*Your assignment*
Restate word for word the lines from the one bearing "exercice te chnologie" through the end of the entries below, and leave every picture out.

Records contained in a dataset
=== Section Start ===

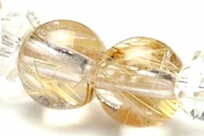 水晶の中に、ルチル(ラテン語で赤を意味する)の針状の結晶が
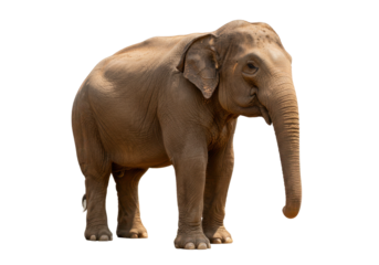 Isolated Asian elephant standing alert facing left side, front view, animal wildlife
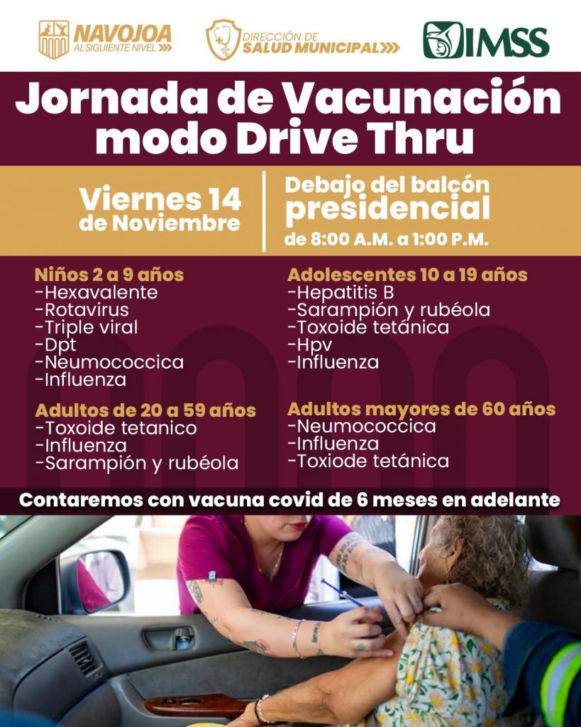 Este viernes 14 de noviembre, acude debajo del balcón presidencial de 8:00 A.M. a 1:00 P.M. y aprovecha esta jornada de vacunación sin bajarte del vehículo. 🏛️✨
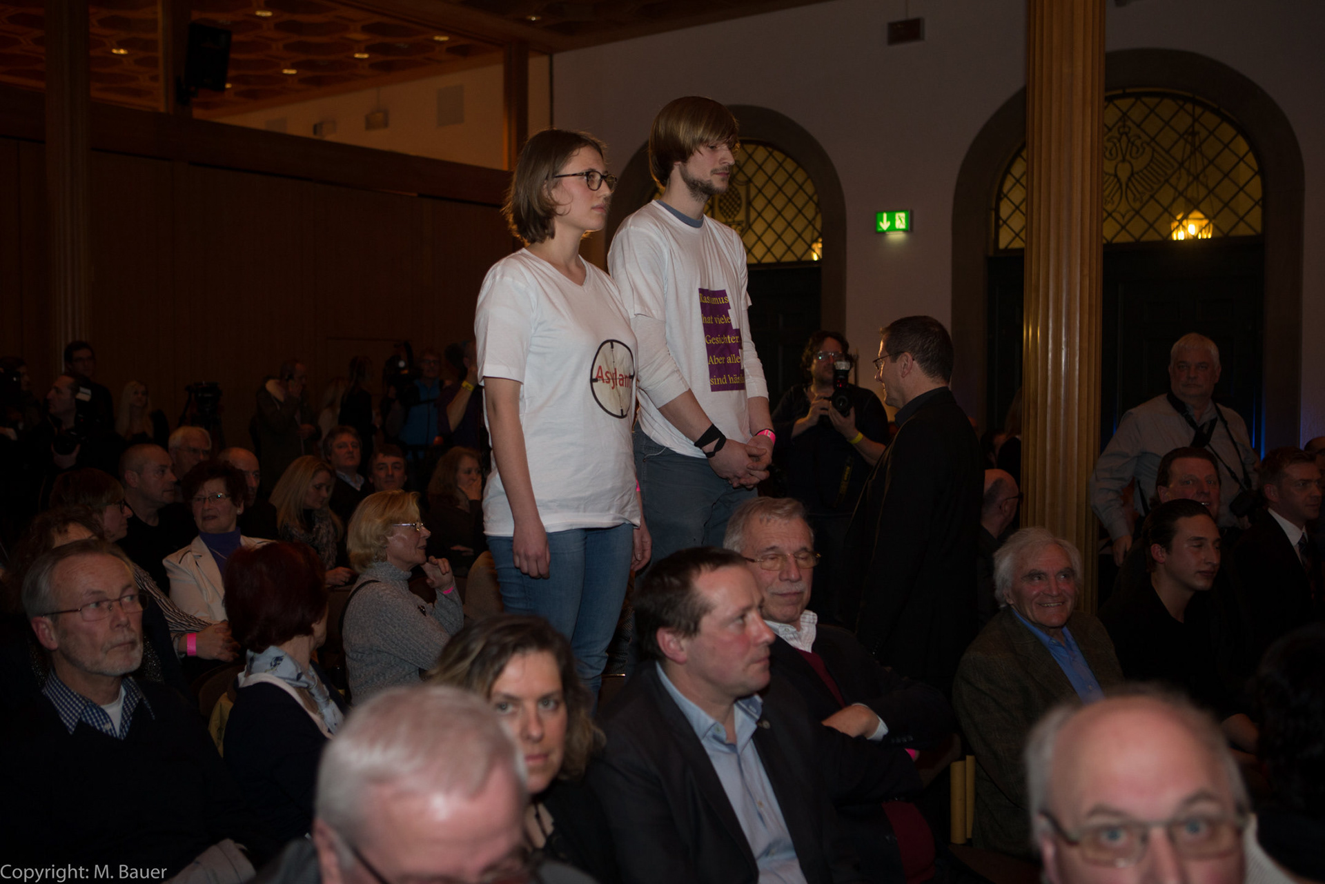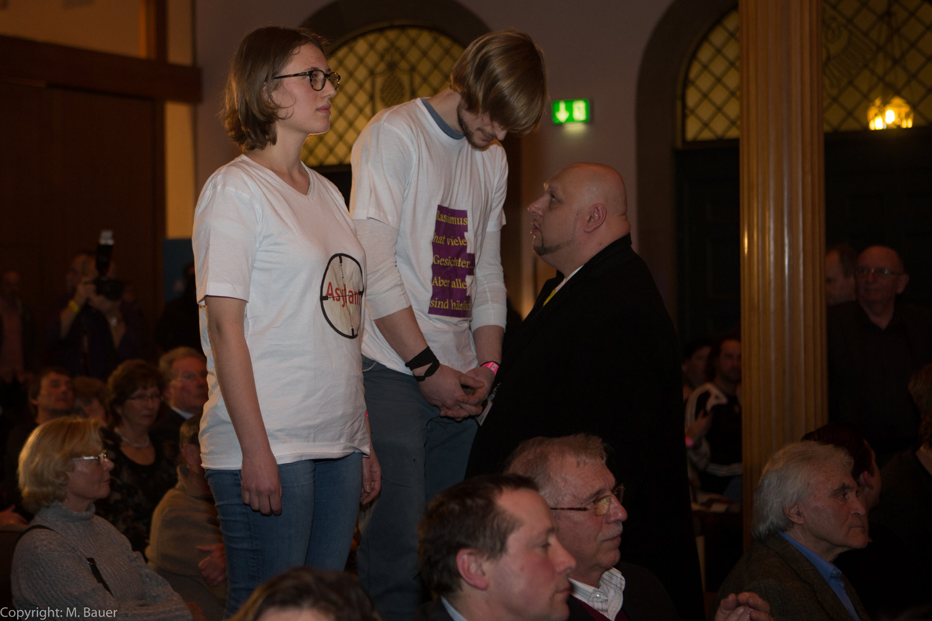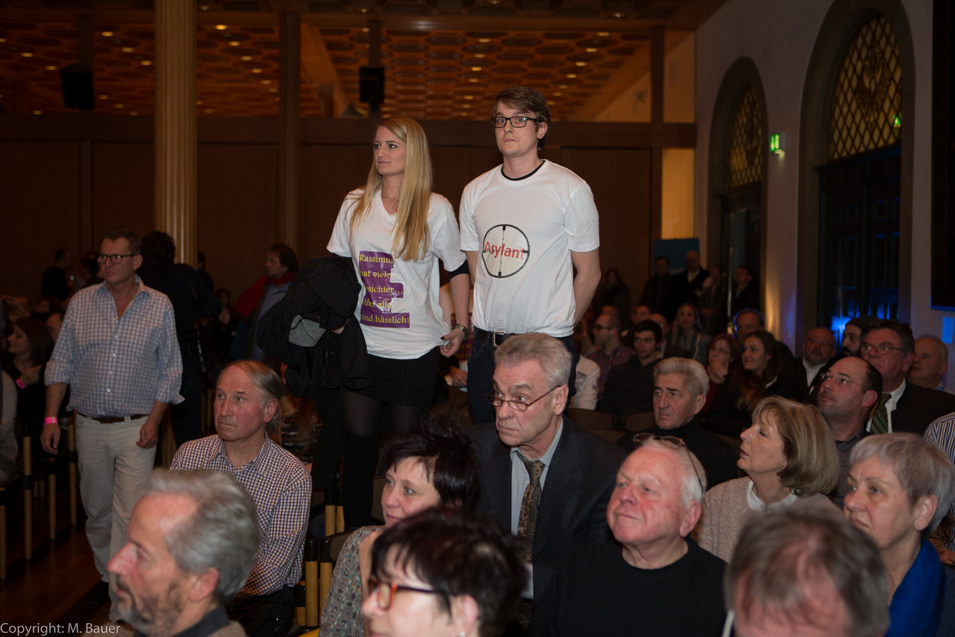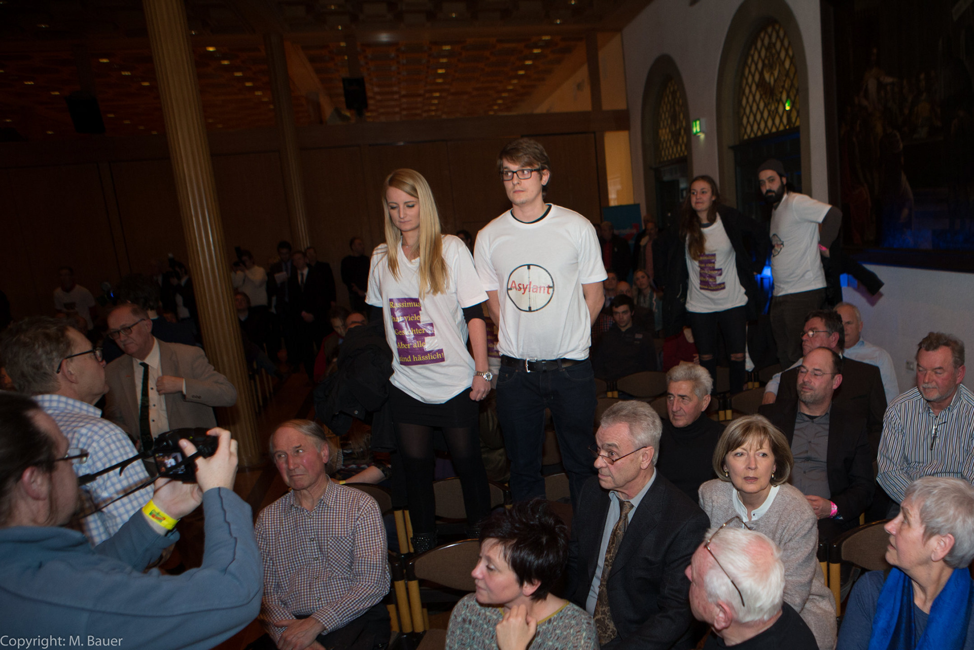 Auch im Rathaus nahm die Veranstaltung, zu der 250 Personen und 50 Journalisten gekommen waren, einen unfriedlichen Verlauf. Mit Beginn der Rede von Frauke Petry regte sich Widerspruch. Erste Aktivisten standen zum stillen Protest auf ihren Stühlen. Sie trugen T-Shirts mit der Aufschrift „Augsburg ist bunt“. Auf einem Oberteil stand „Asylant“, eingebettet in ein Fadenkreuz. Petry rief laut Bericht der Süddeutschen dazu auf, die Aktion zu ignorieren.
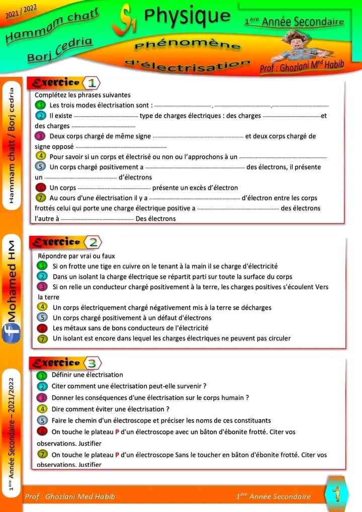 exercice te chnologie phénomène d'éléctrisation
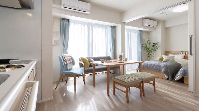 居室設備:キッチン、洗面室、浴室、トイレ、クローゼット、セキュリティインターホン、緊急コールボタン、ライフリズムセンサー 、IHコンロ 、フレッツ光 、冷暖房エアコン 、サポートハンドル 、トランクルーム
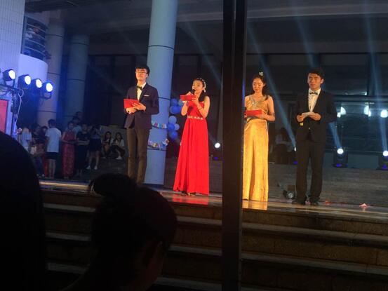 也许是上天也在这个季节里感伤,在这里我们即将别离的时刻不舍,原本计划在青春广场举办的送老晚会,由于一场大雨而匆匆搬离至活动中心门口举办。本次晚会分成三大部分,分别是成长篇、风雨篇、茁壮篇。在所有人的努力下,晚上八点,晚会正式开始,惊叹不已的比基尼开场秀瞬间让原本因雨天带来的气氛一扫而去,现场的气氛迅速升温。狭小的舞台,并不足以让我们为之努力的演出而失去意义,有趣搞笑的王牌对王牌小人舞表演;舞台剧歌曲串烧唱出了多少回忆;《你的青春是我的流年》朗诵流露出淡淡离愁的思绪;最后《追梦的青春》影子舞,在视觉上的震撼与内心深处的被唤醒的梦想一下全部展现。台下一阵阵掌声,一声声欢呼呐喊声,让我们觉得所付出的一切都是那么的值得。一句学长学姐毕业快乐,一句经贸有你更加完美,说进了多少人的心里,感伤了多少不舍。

=== Section End ===

*Written response*
 exercice te chnologie phénomène d'éléctrisation
 居室設備:キッチン、洗面室、浴室、トイレ、クローゼット、セキュリティインターホン、緊急コールボタン、ライフリズムセンサー 、IHコンロ 、フレッツ光 、冷暖房エアコン 、サポートハンドル 、トランクルーム
 也许是上天也在这个季节里感伤,在这里我们即将别离的时刻不舍,原本计划在青春广场举办的送老晚会,由于一场大雨而匆匆搬离至活动中心门口举办。本次晚会分成三大部分,分别是成长篇、风雨篇、茁壮篇。在所有人的努力下,晚上八点,晚会正式开始,惊叹不已的比基尼开场秀瞬间让原本因雨天带来的气氛一扫而去,现场的气氛迅速升温。狭小的舞台,并不足以让我们为之努力的演出而失去意义,有趣搞笑的王牌对王牌小人舞表演;舞台剧歌曲串烧唱出了多少回忆;《你的青春是我的流年》朗诵流露出淡淡离愁的思绪;最后《追梦的青春》影子舞,在视觉上的震撼与内心深处的被唤醒的梦想一下全部展现。台下一阵阵掌声,一声声欢呼呐喊声,让我们觉得所付出的一切都是那么的值得。一句学长学姐毕业快乐,一句经贸有你更加完美,说进了多少人的心里,感伤了多少不舍。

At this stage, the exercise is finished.